'Screaming Eagle' was nothing short of sensational when unleashed onto an unsuspecting public. It threw down the gauntlet to notions of the ‘neat’ so prevalent in contemporary football flags, called into doubt the sanity of the artist and questioned the very suitability of flags as a public and uncensored art form. Compared by many in it’s emotional intensity to Munch’s The Scream it is (as Fleydon points out) obviously twice as powerful because it features two heads, which is twice as many as Munch painted.
Fleydon visibly quails before this powerful work, his powerful frame sags and his perfect teeth seem to loose their lustre.
‘A bad, bad time for me. This is Art as Psychotherapy, a graphic representation of the power of the nightmare and the fear of sleep. I painted it freehand, from the sub-conscious in one sitting.
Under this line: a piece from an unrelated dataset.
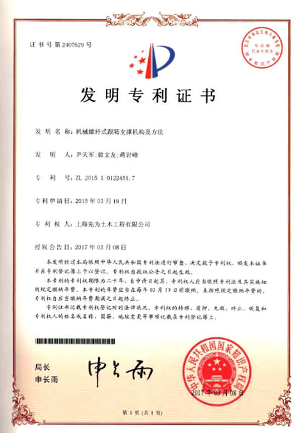 并聯(lián)合施工單位開發(fā)申請了“機(jī)械螺桿式跟隨支撐機(jī)構(gòu)及方法”發(fā)明專利。

I used an old IKEA Roman (eagle?) Blind, symbolic of the shutter against the night that no longer works. The beast is already here, within us, fighting to emerge from the primal id. Of course the drugs didn’t help. I was taking Calpol at the time for a persistent headache and I inadvertently mixed it with Bovril. Then all hell was set loose.’
Some critics picked up on the disturbing undercurrents, even as they stood in awe of the sheer power of the image
‘it looks as though its on caffeine and Benzedrine…’ was one of the more astute comments. Critics then argued about the underlining of the. What did it signify? The Sun ran a competition and came up with several startling suggestions. Fleydon himself remains silent on the matter. Whatever trauma unleashed the beast, it seems, for the present at least, to be safely contained.